■ WORK INSTRUCTION:
Copy out the entries that follow exactly, leaving every picture behind.

Records from a collection:
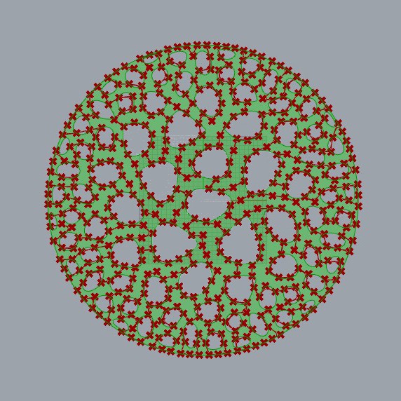 Način formiranja vaze: za bazu korišćena je kriva sa minimalnim brojem segmenata, na koju deluje najmanji intenzitet sila. Ovakav pristup stvara dno bez nepristupačnih delova, što znatno olakšava čišćenje. Broj segmenata, kao i intenzitet delovanja sila, postepeno se povećavaju u svakom narednom koraku, čime se formira kompleksna mrežasta struktura sve dok se ne postigne željeni stepen perforacije, pri čemu se na površini vaze formiraju karakteristične rupice.
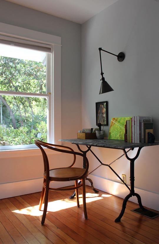 And I would add a vintage writer’s desk, like the one above which I spotted on Apartment Therapy. The Michael Thonet-style chair is a nice touch, too.
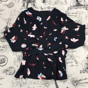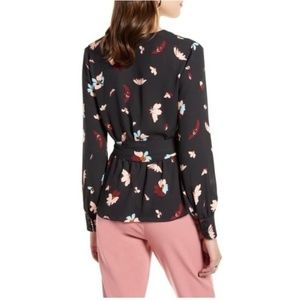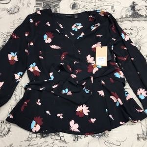 A choice of lively prints updates this everyday-romantic blouse in a faux-wrap peplum cut finished with a waist-slimming sash.
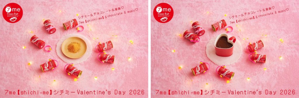 イメージビジュアルでは、リビングでシチミーやシチミー入りホットココアを囲み、ピンク色のカーペットの上でヘッドフォンをつけて音楽を聴きながらくつろぐ様子が描かれている。特別な演出ではなく、リラックスした日常の延長線上にあるバレンタイン像が印象的である。
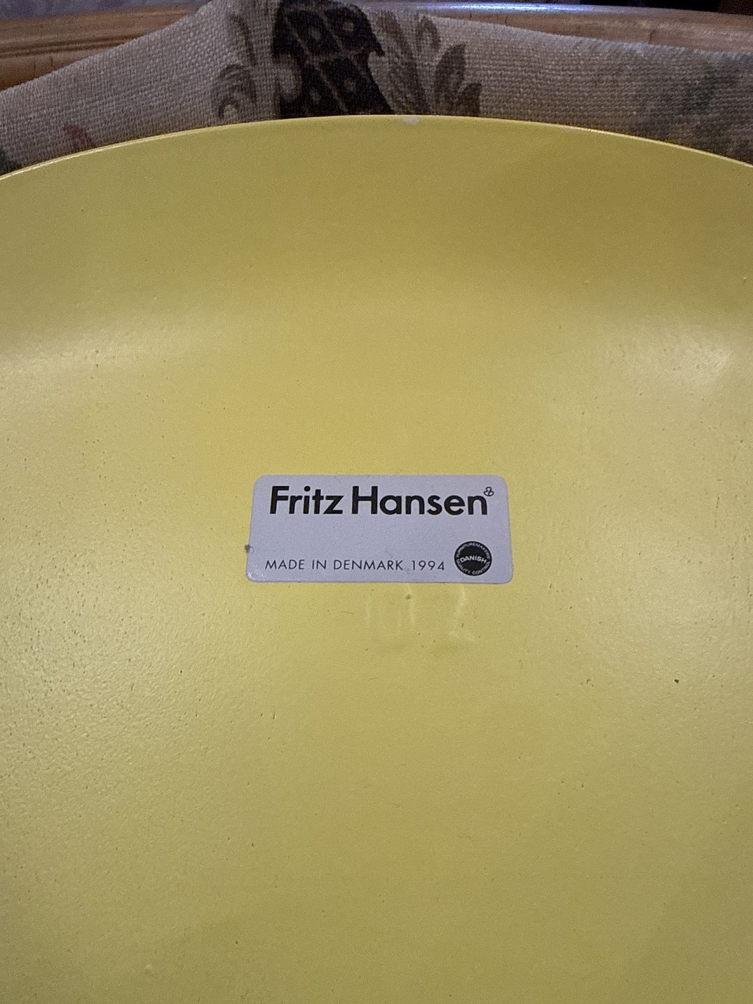 Arne Jacobsen Myrestol gul malet stel i forkromet metal.
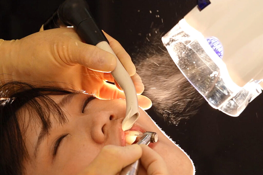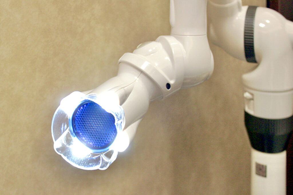 歯を削るときには、目に見えないほどの細かな水や粉塵が飛び散ります。この水や粉塵が患者さんの顔にかかったり、吸い込んだりすることを防ぐ為、当院では開院以来「フリーアーム」を20年以上前から導入しています。フリーアームは強力な吸引で治療時に発生する細かい粉塵を吸い取り、安心でクリーンな院内環境を作っています。
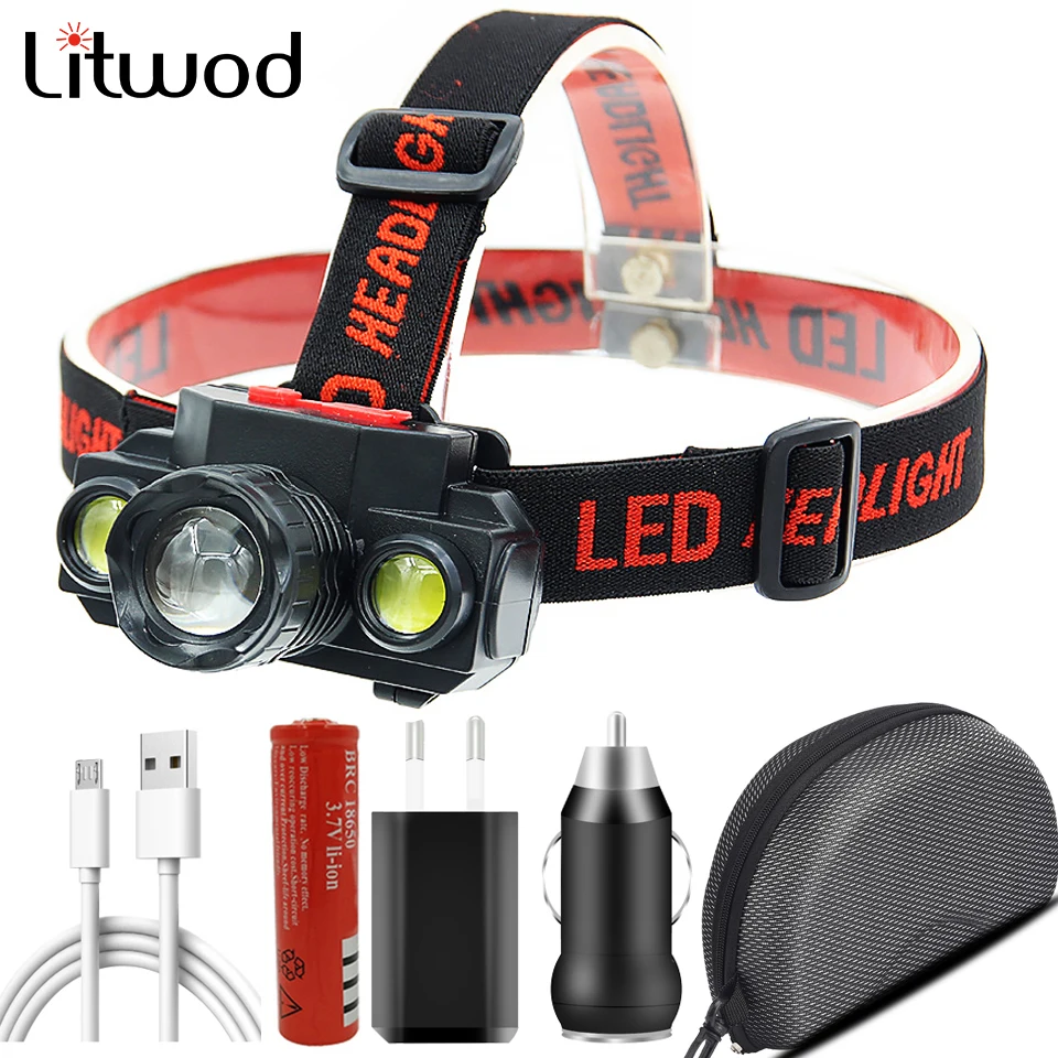Налобный фонарь светодиодный XP-E Q5 COB с перезаряжаемой батареей 18650, налобный фонарь, фонарик для кемпинга Litwod

■ TASK ANSWER:
 Način formiranja vaze: za bazu korišćena je kriva sa minimalnim brojem segmenata, na koju deluje najmanji intenzitet sila. Ovakav pristup stvara dno bez nepristupačnih delova, što znatno olakšava čišćenje. Broj segmenata, kao i intenzitet delovanja sila, postepeno se povećavaju u svakom narednom koraku, čime se formira kompleksna mrežasta struktura sve dok se ne postigne željeni stepen perforacije, pri čemu se na površini vaze formiraju karakteristične rupice.
 And I would add a vintage writer’s desk, like the one above which I spotted on Apartment Therapy. The Michael Thonet-style chair is a nice touch, too.
 A choice of lively prints updates this everyday-romantic blouse in a faux-wrap peplum cut finished with a waist-slimming sash.
 イメージビジュアルでは、リビングでシチミーやシチミー入りホットココアを囲み、ピンク色のカーペットの上でヘッドフォンをつけて音楽を聴きながらくつろぐ様子が描かれている。特別な演出ではなく、リラックスした日常の延長線上にあるバレンタイン像が印象的である。
 Arne Jacobsen Myrestol gul malet stel i forkromet metal.
 歯を削るときには、目に見えないほどの細かな水や粉塵が飛び散ります。この水や粉塵が患者さんの顔にかかったり、吸い込んだりすることを防ぐ為、当院では開院以来「フリーアーム」を20年以上前から導入しています。フリーアームは強力な吸引で治療時に発生する細かい粉塵を吸い取り、安心でクリーンな院内環境を作っています。
Налобный фонарь светодиодный XP-E Q5 COB с перезаряжаемой батареей 18650, налобный фонарь, фонарик для кемпинга Litwod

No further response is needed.